TRY IT »
As you print the data below, keep every line exactly as it is and leave the images behind.

DATASET ENTRIES »
>>>>>

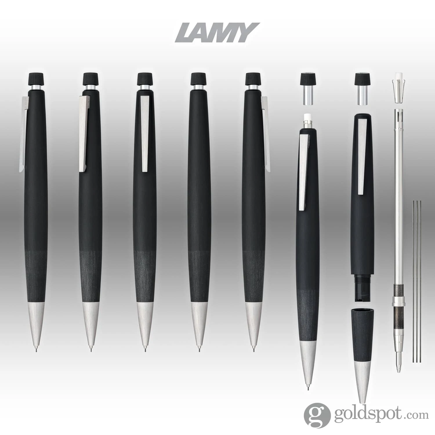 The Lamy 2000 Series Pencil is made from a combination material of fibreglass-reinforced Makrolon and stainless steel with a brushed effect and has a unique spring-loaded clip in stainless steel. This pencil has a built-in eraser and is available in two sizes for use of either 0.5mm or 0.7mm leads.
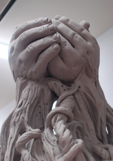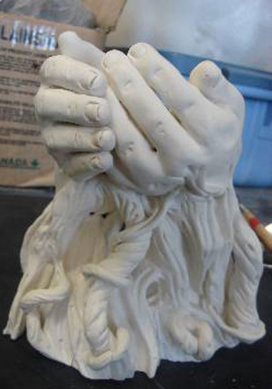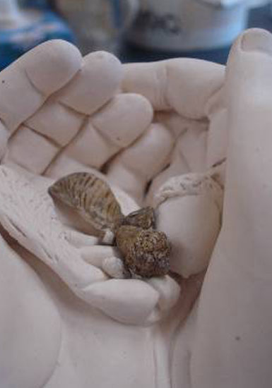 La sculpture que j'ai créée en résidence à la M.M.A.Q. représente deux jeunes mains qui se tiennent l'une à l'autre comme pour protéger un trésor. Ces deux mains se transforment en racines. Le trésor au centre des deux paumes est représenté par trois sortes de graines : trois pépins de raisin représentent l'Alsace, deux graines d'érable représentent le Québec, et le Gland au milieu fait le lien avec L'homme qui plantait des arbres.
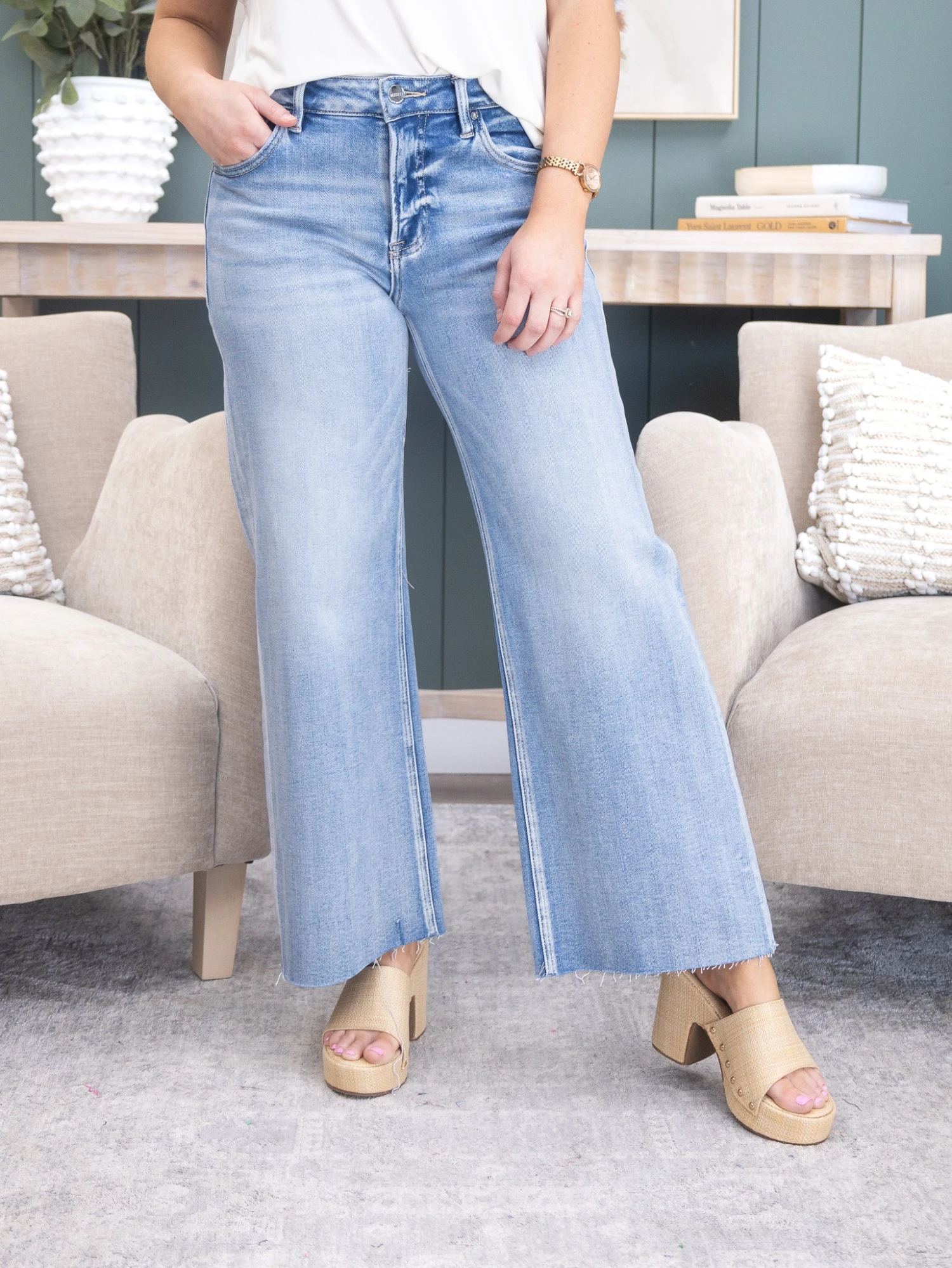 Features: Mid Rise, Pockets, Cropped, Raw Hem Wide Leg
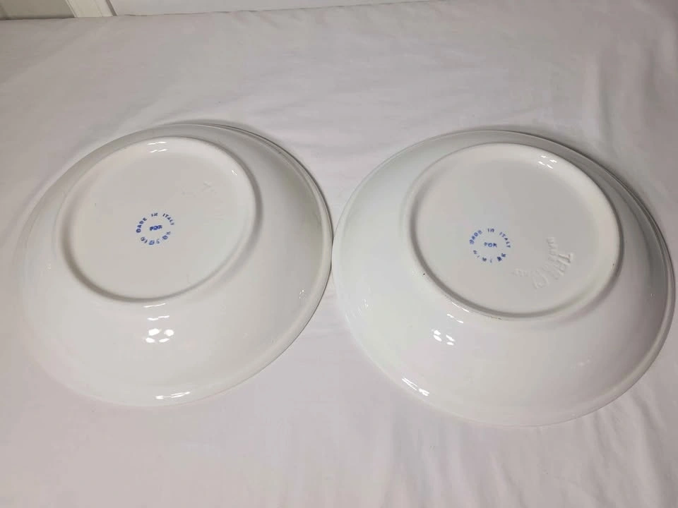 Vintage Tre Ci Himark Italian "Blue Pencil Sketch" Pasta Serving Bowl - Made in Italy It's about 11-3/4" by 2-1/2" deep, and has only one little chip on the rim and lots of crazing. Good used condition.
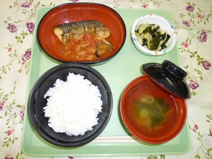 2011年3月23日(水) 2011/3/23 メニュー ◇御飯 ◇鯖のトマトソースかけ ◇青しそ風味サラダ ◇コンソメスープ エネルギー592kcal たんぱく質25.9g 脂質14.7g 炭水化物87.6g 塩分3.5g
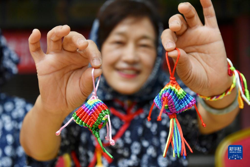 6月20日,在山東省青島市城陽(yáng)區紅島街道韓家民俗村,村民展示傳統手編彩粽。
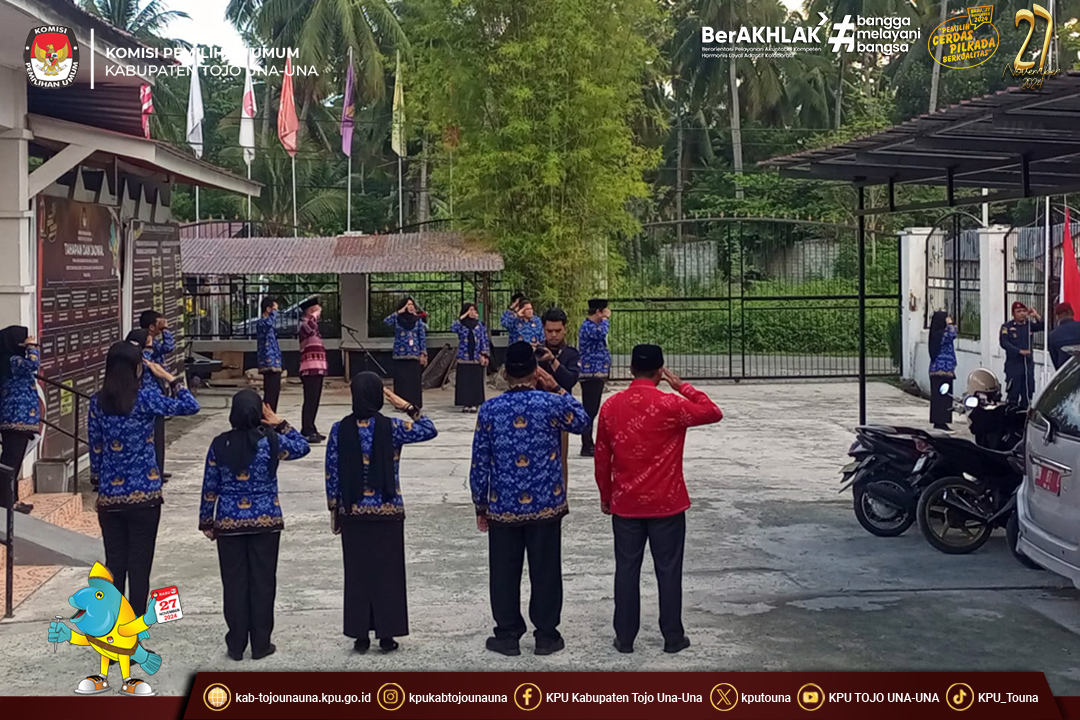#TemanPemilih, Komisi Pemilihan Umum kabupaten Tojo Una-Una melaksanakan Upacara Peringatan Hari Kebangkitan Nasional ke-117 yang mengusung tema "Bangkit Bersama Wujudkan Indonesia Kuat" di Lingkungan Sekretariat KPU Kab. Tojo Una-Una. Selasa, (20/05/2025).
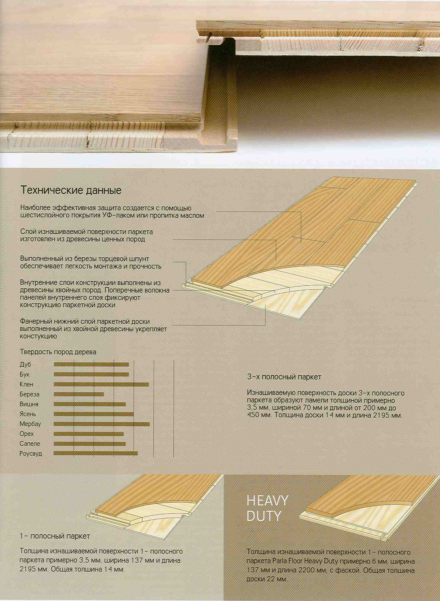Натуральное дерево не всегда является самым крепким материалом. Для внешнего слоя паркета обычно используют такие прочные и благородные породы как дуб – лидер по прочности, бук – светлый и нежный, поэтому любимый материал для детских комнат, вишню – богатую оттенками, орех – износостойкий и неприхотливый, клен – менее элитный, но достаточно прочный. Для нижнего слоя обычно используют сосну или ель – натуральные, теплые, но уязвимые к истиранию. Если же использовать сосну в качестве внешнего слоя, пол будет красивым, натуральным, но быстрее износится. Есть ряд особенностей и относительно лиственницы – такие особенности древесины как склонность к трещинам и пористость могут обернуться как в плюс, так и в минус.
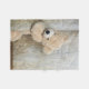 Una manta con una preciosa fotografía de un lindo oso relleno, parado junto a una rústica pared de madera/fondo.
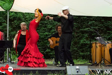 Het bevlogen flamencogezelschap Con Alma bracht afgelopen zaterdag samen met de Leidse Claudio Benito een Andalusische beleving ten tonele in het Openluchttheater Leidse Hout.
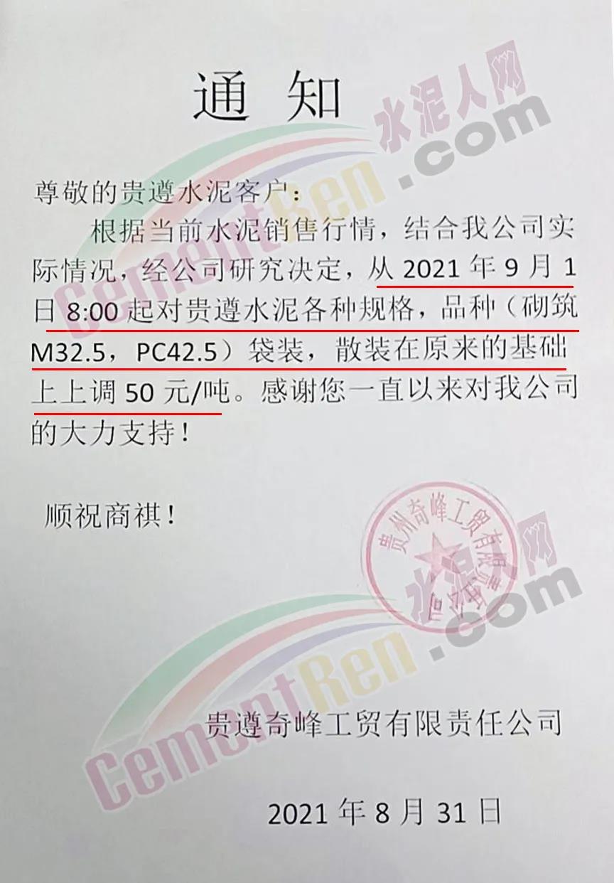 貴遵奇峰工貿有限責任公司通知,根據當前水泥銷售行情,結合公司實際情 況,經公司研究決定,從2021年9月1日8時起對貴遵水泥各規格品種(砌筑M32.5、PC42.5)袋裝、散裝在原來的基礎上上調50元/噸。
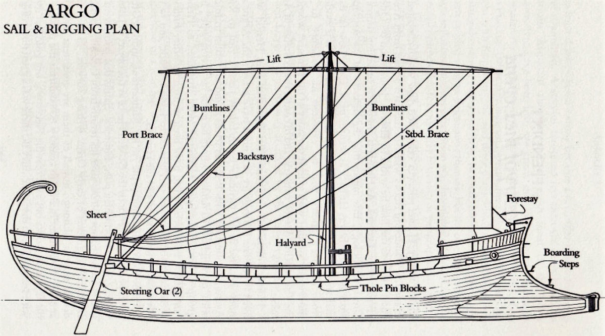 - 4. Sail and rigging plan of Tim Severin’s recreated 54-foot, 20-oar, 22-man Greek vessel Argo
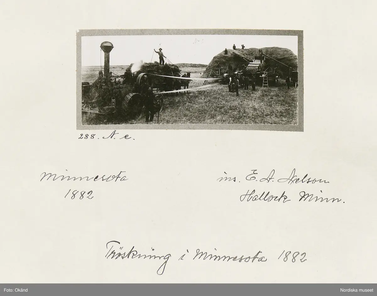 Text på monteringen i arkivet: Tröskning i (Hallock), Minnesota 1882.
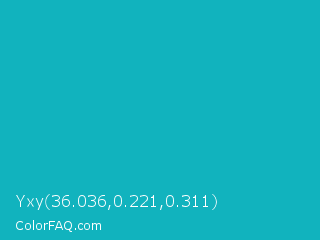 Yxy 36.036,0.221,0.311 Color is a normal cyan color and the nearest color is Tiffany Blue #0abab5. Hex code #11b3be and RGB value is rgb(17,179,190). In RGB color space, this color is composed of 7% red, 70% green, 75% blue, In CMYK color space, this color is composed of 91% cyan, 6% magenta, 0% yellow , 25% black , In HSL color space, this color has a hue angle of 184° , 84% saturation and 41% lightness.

<<<<<

RESULT »
 The Lamy 2000 Series Pencil is made from a combination material of fibreglass-reinforced Makrolon and stainless steel with a brushed effect and has a unique spring-loaded clip in stainless steel. This pencil has a built-in eraser and is available in two sizes for use of either 0.5mm or 0.7mm leads.
 La sculpture que j'ai créée en résidence à la M.M.A.Q. représente deux jeunes mains qui se tiennent l'une à l'autre comme pour protéger un trésor. Ces deux mains se transforment en racines. Le trésor au centre des deux paumes est représenté par trois sortes de graines : trois pépins de raisin représentent l'Alsace, deux graines d'érable représentent le Québec, et le Gland au milieu fait le lien avec L'homme qui plantait des arbres.
 Features: Mid Rise, Pockets, Cropped, Raw Hem Wide Leg
 Vintage Tre Ci Himark Italian "Blue Pencil Sketch" Pasta Serving Bowl - Made in Italy It's about 11-3/4" by 2-1/2" deep, and has only one little chip on the rim and lots of crazing. Good used condition.
 2011年3月23日(水) 2011/3/23 メニュー ◇御飯 ◇鯖のトマトソースかけ ◇青しそ風味サラダ ◇コンソメスープ エネルギー592kcal たんぱく質25.9g 脂質14.7g 炭水化物87.6g 塩分3.5g
 6月20日,在山東省青島市城陽(yáng)區紅島街道韓家民俗村,村民展示傳統手編彩粽。
#TemanPemilih, Komisi Pemilihan Umum kabupaten Tojo Una-Una melaksanakan Upacara Peringatan Hari Kebangkitan Nasional ke-117 yang mengusung tema "Bangkit Bersama Wujudkan Indonesia Kuat" di Lingkungan Sekretariat KPU Kab. Tojo Una-Una. Selasa, (20/05/2025).
Натуральное дерево не всегда является самым крепким материалом. Для внешнего слоя паркета обычно используют такие прочные и благородные породы как дуб – лидер по прочности, бук – светлый и нежный, поэтому любимый материал для детских комнат, вишню – богатую оттенками, орех – износостойкий и неприхотливый, клен – менее элитный, но достаточно прочный. Для нижнего слоя обычно используют сосну или ель – натуральные, теплые, но уязвимые к истиранию. Если же использовать сосну в качестве внешнего слоя, пол будет красивым, натуральным, но быстрее износится. Есть ряд особенностей и относительно лиственницы – такие особенности древесины как склонность к трещинам и пористость могут обернуться как в плюс, так и в минус.
 Una manta con una preciosa fotografía de un lindo oso relleno, parado junto a una rústica pared de madera/fondo.
 Het bevlogen flamencogezelschap Con Alma bracht afgelopen zaterdag samen met de Leidse Claudio Benito een Andalusische beleving ten tonele in het Openluchttheater Leidse Hout.
 貴遵奇峰工貿有限責任公司通知,根據當前水泥銷售行情,結合公司實際情 況,經公司研究決定,從2021年9月1日8時起對貴遵水泥各規格品種(砌筑M32.5、PC42.5)袋裝、散裝在原來的基礎上上調50元/噸。
 - 4. Sail and rigging plan of Tim Severin’s recreated 54-foot, 20-oar, 22-man Greek vessel Argo
 Text på monteringen i arkivet: Tröskning i (Hallock), Minnesota 1882.
 Yxy 36.036,0.221,0.311 Color is a normal cyan color and the nearest color is Tiffany Blue #0abab5. Hex code #11b3be and RGB value is rgb(17,179,190). In RGB color space, this color is composed of 7% red, 70% green, 75% blue, In CMYK color space, this color is composed of 91% cyan, 6% magenta, 0% yellow , 25% black , In HSL color space, this color has a hue angle of 184° , 84% saturation and 41% lightness.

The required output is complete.